Monday, March 24, 2008

Democratic Coalition Analysis

 Jerome Armstrong at MyDD is misreading my argument that Clinton's demographic base is about maxed out. I wrote:

Clinton's demographic base within the Democratic Party is facing a much weaker version of the shrinking core demographic problem that the Republicans are facing. With the exception of her strong support among Hispanic voters, her coalition is maxed-out. [emphasis added for this post]

Jerome argues something that I am not quite sure as to what he is responding to as I am arguing that there is not a whole lot space for the Clinton coalition to grow and he is arguing that it is a large base. Two very different points.

calling Clinton's base "shrinking" while she's energized the biggest bloc of growing voters in Latinos, and increased the turnout of women to about 60 percent on average of the total vote, seems very odd

Clinton's base is older, more female, more white, more Hispanic, less black, less 'Creative Class' and more likely to self-identify as Democrats than the entire Democratic primary electorate. Hillary Clinton currently has support of roughly 45% of the party, Barrack Obama has the support of 45% of the party and 10% don't know or are floating between candidates.

So what are the trends moving forward and where is there room for Clinton's coalition to expand to fifty percent of the party in 2012? That is the question that I am asking and not the one that Jerome is responding to. We both agree that Hillary Clinton has done an excellent job of mobilizing her core support demographics. The question is where are those demographics in four years. The data will be pulled from the Open Left composite primary exit poll.

The Democratic Party is getting less white every year. This means for Clinton to expand upon the net margin provided by her winning the white vote 50:42 she would need to add several additional points just to stay even as the white slice of the Democratic pie has gotten smaller. She may be able to reduce the net margin in 2012 within the African American vote but given the premise of the scenario is a murder-suicide pact to take down Obama, or at least the perception thereof, this would be difficult. She is winning the Latino vote by large margins, so it would be difficult for her to increase her margins here. However if she holds her margin steady, she picks up a net point or two due to changes in Democratic Party composition.

Women make up 58% of the Democratic primary electorate. Hillary Clinton is doing very well here, but again where is the space for net margin growth if she has already effectively maxed out her support here? What is the probability that women will make up 61%, 62%, 63% of the Democratic electorate in 2012?

The Baby Boomer age cohorts are not a particularly friendly age cohort for Democrats while the Millenial cohort (of which I am an old borderline member) is a very Democratic friendly cohort. The oldest members of the Millenial cohort are just beginning to enter their prime voting years, and in 2012 will make up a proportionally larger share of the Democratic Party electorate. And right now they are voting for candidates other than Hillary Clinton. This will probably produce a net negative of a point or two in this analysis for Hillary Clinton in 2012. The same applies to people who identify as Creative Class individuals --- urban, highly educated, white collar workers; this is a growing sphere that Clinton has been losing.
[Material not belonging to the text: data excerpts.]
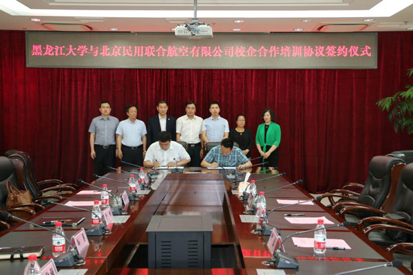 簽約儀式上,與會(huì)雙方共同觀看了黑龍江大學(xué)與北京民用聯(lián)合航空有限公司的宣傳片,詳細(xì)了解了黑龍江大學(xué)、北京民用聯(lián)合航空有限公司的發(fā)展歷程、基本情況和戰(zhàn)略目標(biāo)。
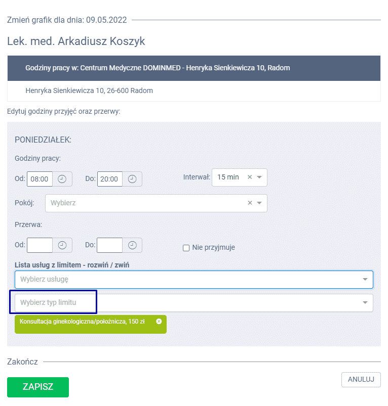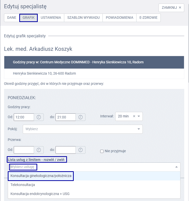2. Dodanie limitu ilościowego na konkretnego usługę w grafiku stałym
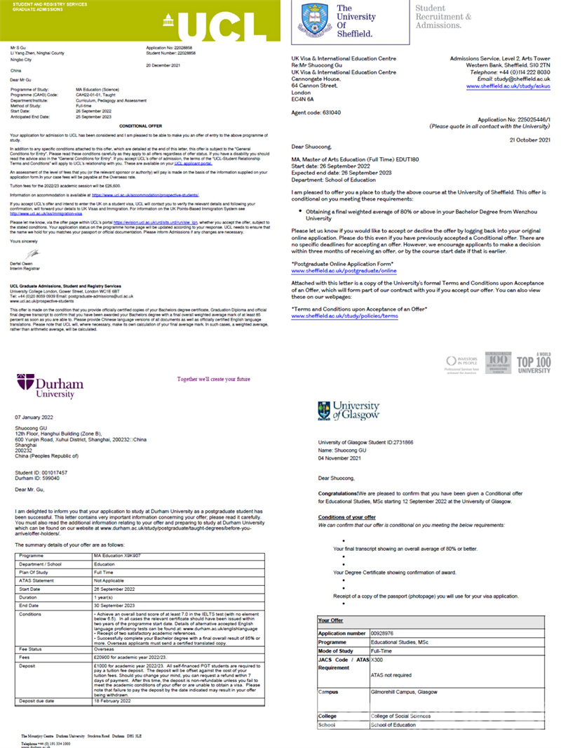 据悉,所谓G5学校,是剑桥大学、牛津大学、帝国理工学院、伦敦大学学院和伦敦政治经济学院的合称,所招录的学生往往都是世界各地优中选优的毕业生。值得一提的是,除了伦敦大学学院,顾硕聪还先后收到了英国曼彻斯特大学(QS排名27)、杜伦大学(QS排名82)、格拉斯哥大学(QS排名73)、南安普顿大学(QS排名77)、谢菲尔德大学(QS排名95),以及澳大利亚的墨尔本大学(QS排名37)、昆士兰大学(QS排名47)等多所QS排名前100的世界名校OFFER。一人独收八份世界名校录取通知书,创下了香蕉视频 近年来的新高,见证了香蕉视频 人才培养质量的稳步提升。
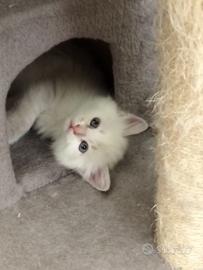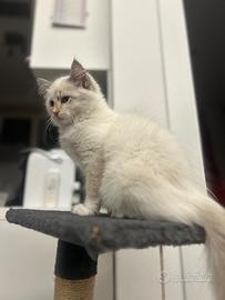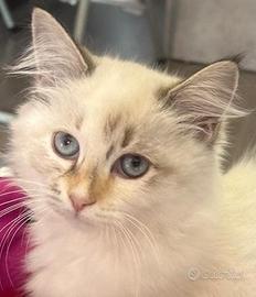 La gattina è molto affettuosa, coccolona socievole e chiacchierona, abituata anche a contesti familiari con bambini ed è già abituata alla lettiera e al tiragraffi.
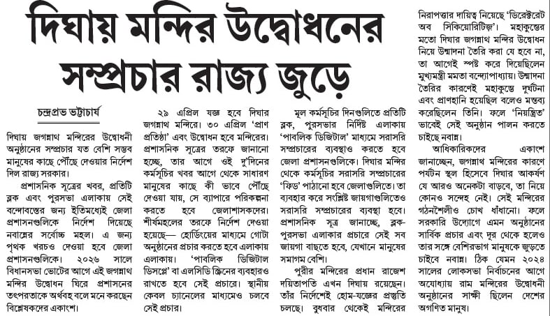 ২৯ এপ্রিল যজ্ঞ হবে দিঘার জগন্নাথ মন্দিরে। ৩০ এপ্রিল ‘প্রাণ প্রতিষ্ঠা’ এবং উদ্বোধন হবে মন্দিরের। প্রশাসনিক সূত্রের তরফে জানানো হচ্ছে, তার আগে ওই দু’দিনের কর্মসূচির খবর আগে থেকে সাধারণ মানুষের কাছে কী ভাবে পৌঁছে দেওয়া যায়, সে ব্যাপারে পরিকল্পনা করতে হবে জেলাশাসকদের। শীর্ষমহলের তরফে নির্দেশ দেওয়া হয়েছে— হোর্ডিংয়ের মাধ্যমে গোটা অনুষ্ঠানের প্রচার করতে হবে এলাকায় এলাকায়। ‘পাবলিক ডিজিটাল ডিসপ্লে’ বা এলসিডি স্ক্রিনের ব্যবহারও রাখতে হবে সেই প্রচারে। স্থানীয় কেবল চ্যানেলের মাধ্যমেও চলবে
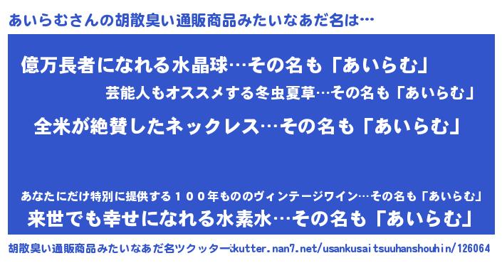 | 男性向けラノベタイトル風あだ名 | 『あいらむに滅ぼされるだけの簡単なお仕事です』 |
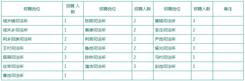 結合我縣社區矯正工作實際情況和基層司法所隊伍建設情況,決定向普通高校應往屆畢業生招聘26名,向退伍軍人招聘10名。崗位設置如下:
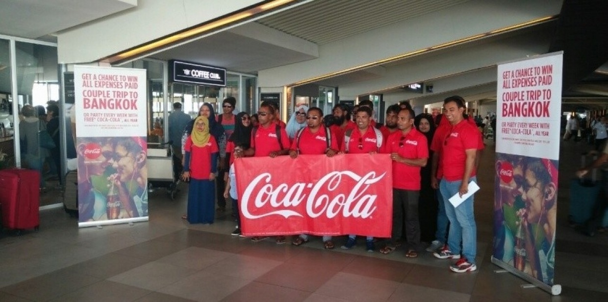 ކޮކާކޯލާ ފުޅީގެ މަތިގަނޑުގެ ދަށުގައިވާ ނަންބަރު އެސްއެމްއެސް ކުރާ މީހުންގެ މެދުގައި ގުރުއަތެއް ނަގައިގެން ނަސީބުވެރިން ހޮވާ ގޮތަށް ބޭއްވި ޕްރޮމޯޝަންގައި މުޅި އެކު 27 ބޭފުޅަކަށް، އެއިން ކޮންމެ ބޭފުޅަކާ އެކު އިތުރު ބޭފުޅެއް ގޮވައިގެން ބެންކޮކަށް ދަތުރު ކުރުމުގެ ފުރުސަތު ދީފައިވެ އެވެ. ހަތަރު ދުވަހަށް ބެންކޮކްގައި ޗުއްޓީ ހޭދަކޮށްލުމަށް ކުރާ ހިލޭ ދަތުރުގައި ހުރިހާ ބޭފުޅުން ވެސް ތިބުމަށް ހަމަޖެހިފައި ވަނީ ބެންކޮކްގެ ފަސްތަރީގެ ހޮޓަލެއްގަ އެވެ.
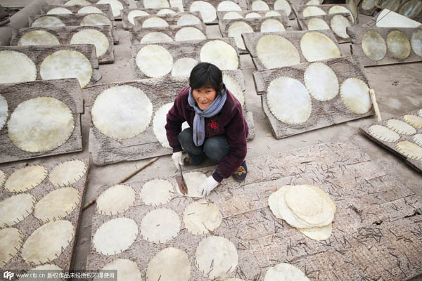 En una fábrica de Yanshi, el experto elige la piel apropiada para cada tambor. El cuero se empapa en agua durante toda una noche para trabajarlo suave y elástico. [Foto: CFP]
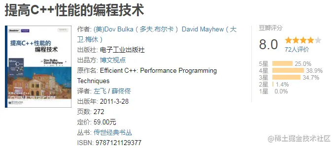 《提高C++性能的编程技术》,本书认为 20% 的性能缺陷将会占用我们 80% 的时间。因此我们把精力集中在最有价值的地方。本书详细讨论了临时对象、内存管理、继承、虚函数、内联、引用计数以及 STL 等一切有可能提升 C++ 效率的细节内容。无论你是相关领域的从业人员,还是 C++ 程序设计爱好者,或者是渴望突破编程瓶颈、大幅提升自我修为的程序设计爱好者,本书都必将使你获益良多。
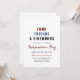 This food friends and fireworks independence day invitation is perfect for a 4th of July celebration. The design features an elegant calligraphy font in black, blue and red.
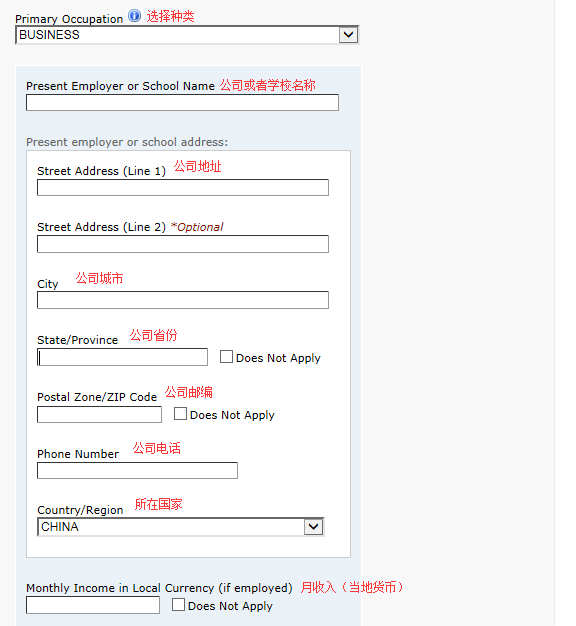 22.进入下一页面"Present Work/Education/Training Information",这一页是选择目前的工作/教育/培训信息。如果是工作,可以选择"business”。填写完毕后,点击Save,重复第11和12步进入下一页面。
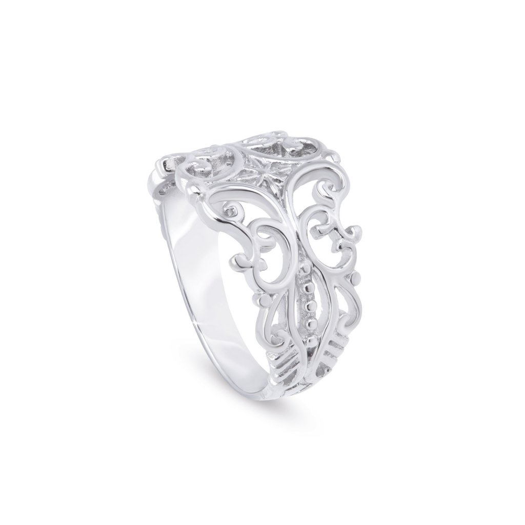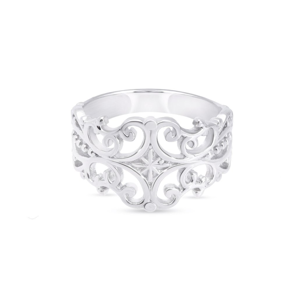 - Inel solid de damă realizat din oțel chirurgical cu ornamente.
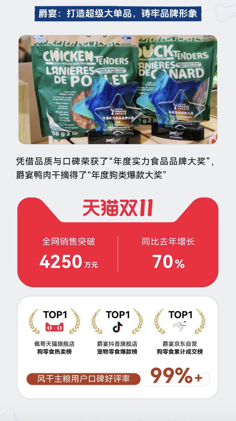 去年,爵宴在天猫双11狂欢节中,全网销售额突破4250万元,同比增长70%,稳居天猫、抖音、京东三大平台细分榜单TOP1,风干粮用户口碑好评率99%+。
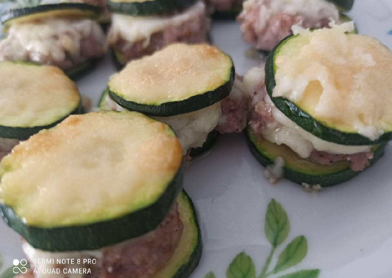 A continuación, montar una bolita en cada rodaja del calabacín. Encima de la carne poner un montoncito de mozzarella y tapar con otra rodaja de calabacín.

So in this relatively static analysis, Hillary Clinton has assembled a large coalition within the Demcoratic primary electorate that is roughly 45% of the party in 2008. Her opponent has done the same thing. The difference is that the Clinton coalition, all else being equal, has much less demographic space to grow, with the exception fo the Latino vote, while the Obama coalition should grow in relative size within the Democratic primary electorate in 2012.

Yes, of course, we can assume that political operatives can read demographics as well or better than I can, so campaigns will change their pitches and priorities, but the Clinton coalition is more vulnerable to shrinkage than the Obama coalition over the next couple of cycles.